:: ENTRIES SHOWN ::

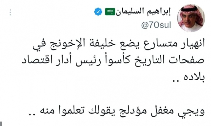 وقال في تغريدة على حسابه بموقع التدوين المصغر تويتر، اليوم إنه: "انهيار متسارع يضع خليفة الإخونج في صفحات التاريخ كأسوأ رئيس أدار اقتصاد بلاده، ويجي مغفل مؤدلج يقولك تعلموا منه".
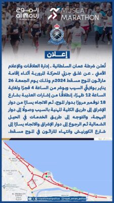 اعلنت شرطة عمان السلطانية ـ إدارة العلاقات والإعلام الأمني ـ عن غلق جزئي للحركة المرورية أثناء إقامة ماراثون الموج مسقط 2024م وذلك يوم الجمعة 26 يناير بولايتّي السيب وبوشر من الساعة 4 فجرًا ولغاية الساعة 12 ظهرًا، وفقا للمنشور المرفق.
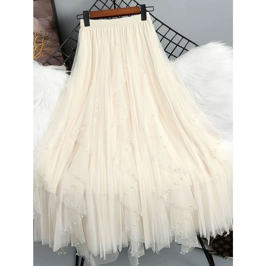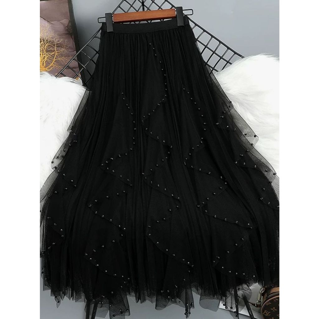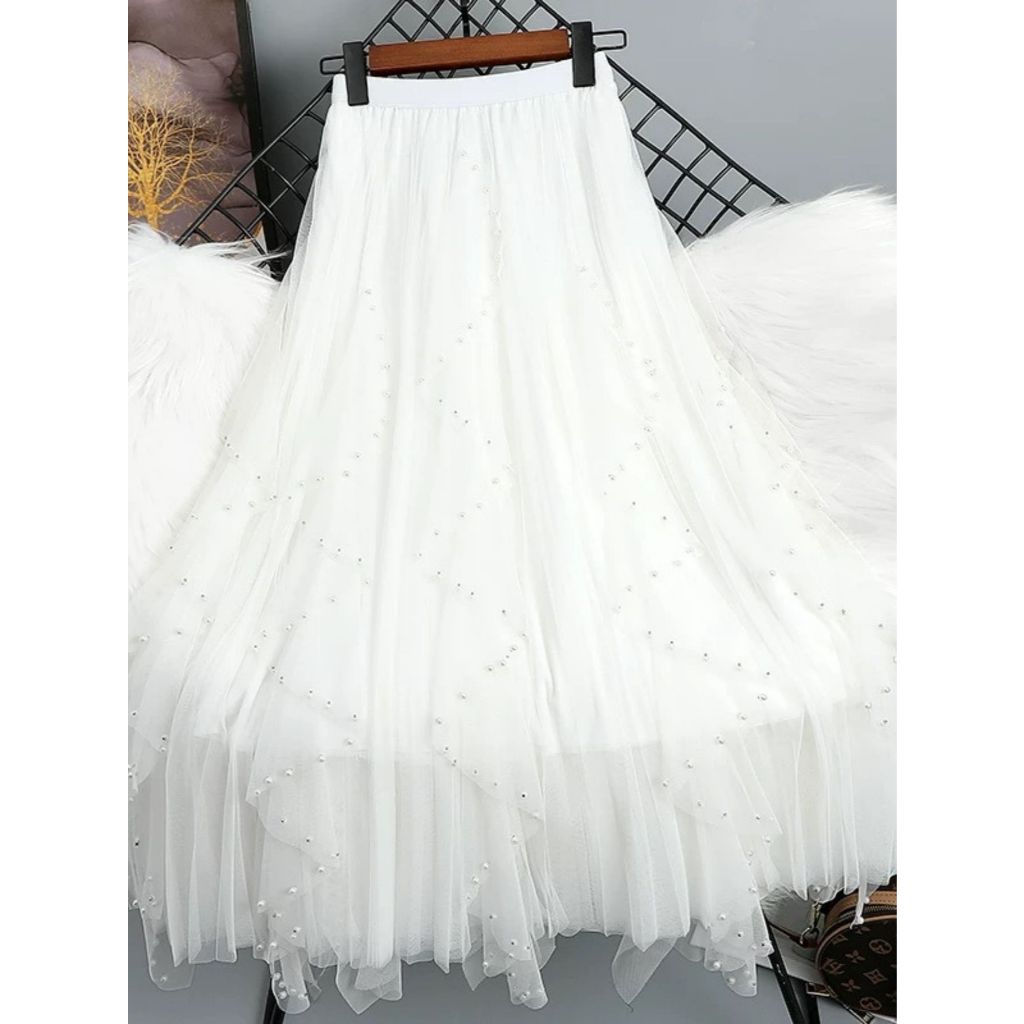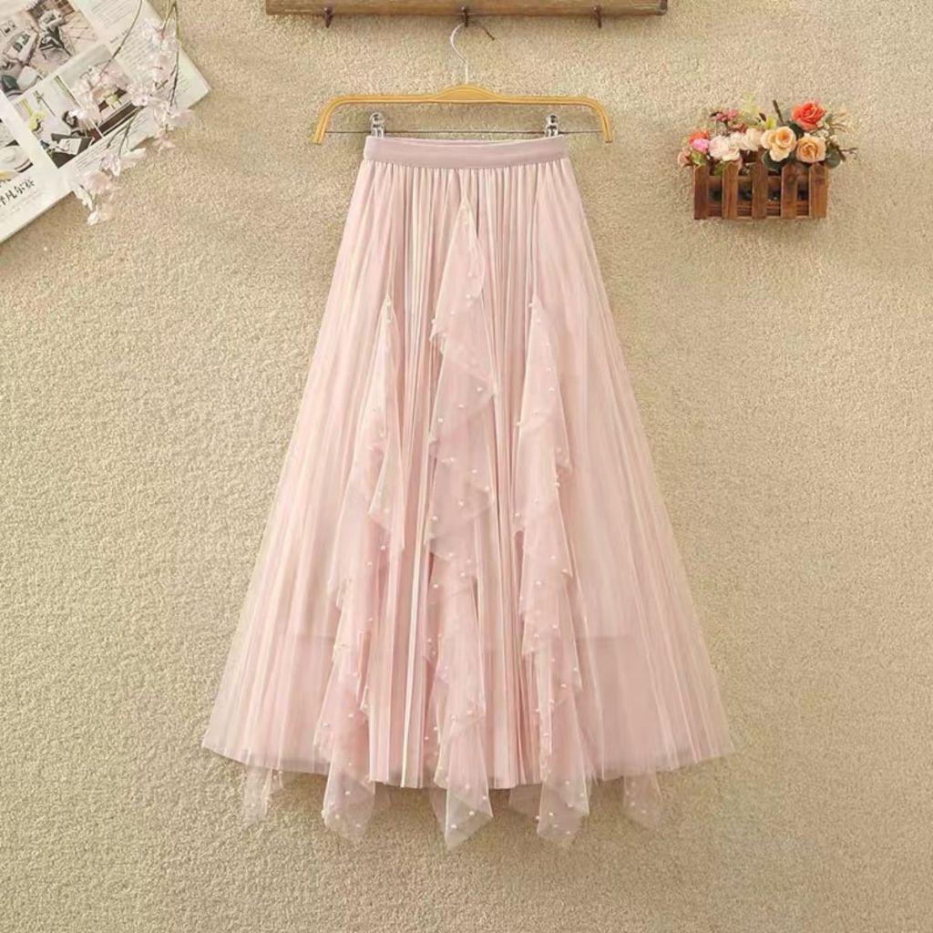 Saia de tule com contas irregulares para mulheres 2025 nova saia plissada com cintura elástica e comprimento médio
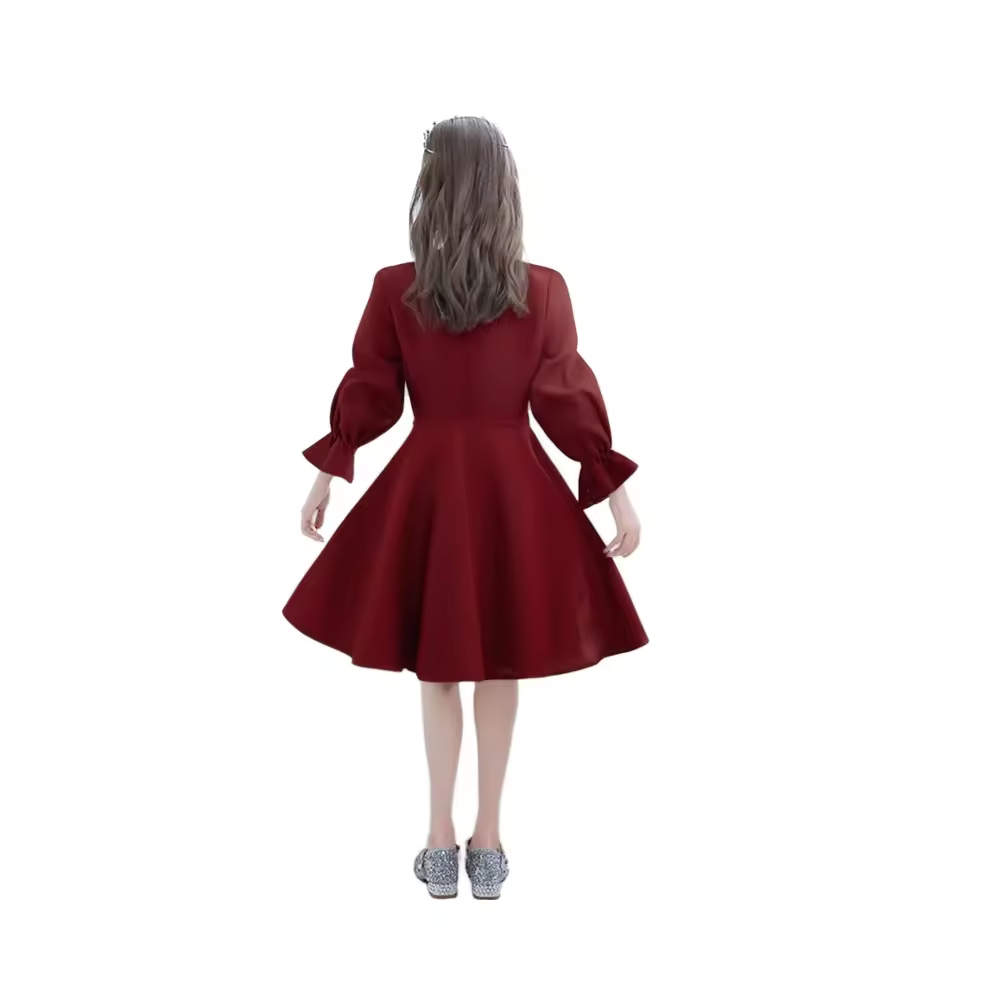 Fashion baby clothes red puff sleeves girl dress with bow baby girls princess party dress
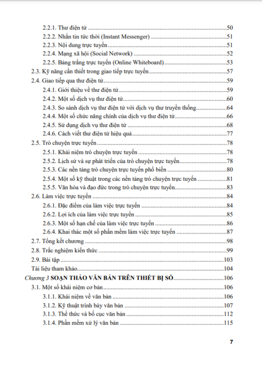 Chương 2: Giao tiếp trực tuyến, trình bày các kiến thức sâu về giao tiếp trực tuyến, bao gồm các hình thức giao tiếp như thư điện tử, tin nhắn tức thì và mạng xã hội. Đồng thời, Chương 2 phân tích các kỹ thuật và công nghệ hỗ trợ giao tiếp trực tuyến hiệu quả, nhấn mạnh vào văn hóa và đạo đức số. Chương này cũng mở rộng sang làm việc trực tuyến, phân tích lợi ích và thách thức của việc làm việc trực tuyến.
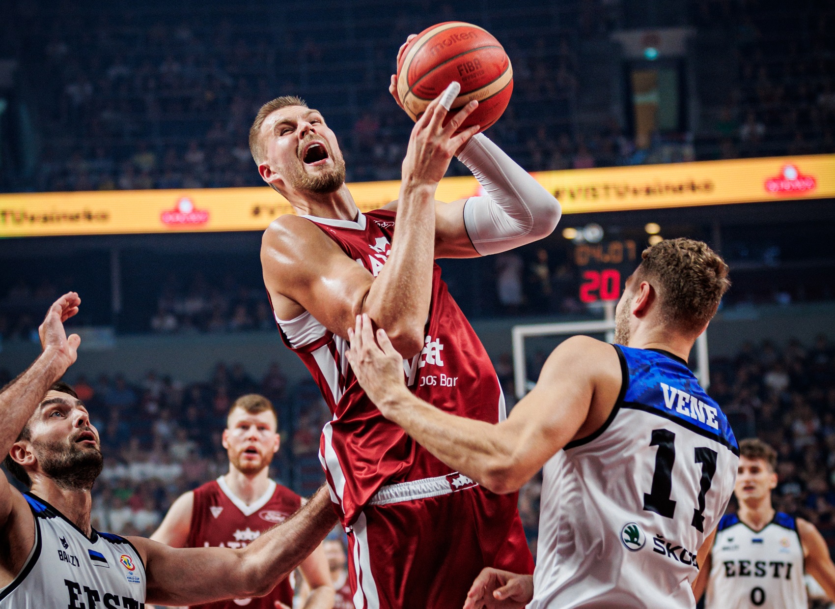 Kristaps Porziņģis valstsvienībā atgriezās ar 18 punktiem un 7 atlēkušajām bumbām un 7 izprovocētām piezīmēm, Rodionam Kurucam 16+7 atl., Rihardam Lomažam 13 + 5 piespēles.
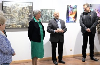 Joachim Mühe, Vorstandsmitglied der Stiftung, nahm in seinem Grußwort darauf Bezug und erläuterte das Anliegen, während Teresa Dietrich aus Fulda auf die einzelnen Künstler*innen einging, deren Biographien anriss und eine Einführung in die Vielfalt der angebotenen Werke aus Malerei, Grafik und Skulptur darbot.

:::

YOUR OBJECTIVE
Once the pictures are set aside, please reproduce the remaining material word for word.

SOLUTION TO THIS TASK
 وقال في تغريدة على حسابه بموقع التدوين المصغر تويتر، اليوم إنه: "انهيار متسارع يضع خليفة الإخونج في صفحات التاريخ كأسوأ رئيس أدار اقتصاد بلاده، ويجي مغفل مؤدلج يقولك تعلموا منه".
 اعلنت شرطة عمان السلطانية ـ إدارة العلاقات والإعلام الأمني ـ عن غلق جزئي للحركة المرورية أثناء إقامة ماراثون الموج مسقط 2024م وذلك يوم الجمعة 26 يناير بولايتّي السيب وبوشر من الساعة 4 فجرًا ولغاية الساعة 12 ظهرًا، وفقا للمنشور المرفق.
 Saia de tule com contas irregulares para mulheres 2025 nova saia plissada com cintura elástica e comprimento médio
 Fashion baby clothes red puff sleeves girl dress with bow baby girls princess party dress
 Chương 2: Giao tiếp trực tuyến, trình bày các kiến thức sâu về giao tiếp trực tuyến, bao gồm các hình thức giao tiếp như thư điện tử, tin nhắn tức thì và mạng xã hội. Đồng thời, Chương 2 phân tích các kỹ thuật và công nghệ hỗ trợ giao tiếp trực tuyến hiệu quả, nhấn mạnh vào văn hóa và đạo đức số. Chương này cũng mở rộng sang làm việc trực tuyến, phân tích lợi ích và thách thức của việc làm việc trực tuyến.
 Kristaps Porziņģis valstsvienībā atgriezās ar 18 punktiem un 7 atlēkušajām bumbām un 7 izprovocētām piezīmēm, Rodionam Kurucam 16+7 atl., Rihardam Lomažam 13 + 5 piespēles.
 Joachim Mühe, Vorstandsmitglied der Stiftung, nahm in seinem Grußwort darauf Bezug und erläuterte das Anliegen, während Teresa Dietrich aus Fulda auf die einzelnen Künstler*innen einging, deren Biographien anriss und eine Einführung in die Vielfalt der angebotenen Werke aus Malerei, Grafik und Skulptur darbot.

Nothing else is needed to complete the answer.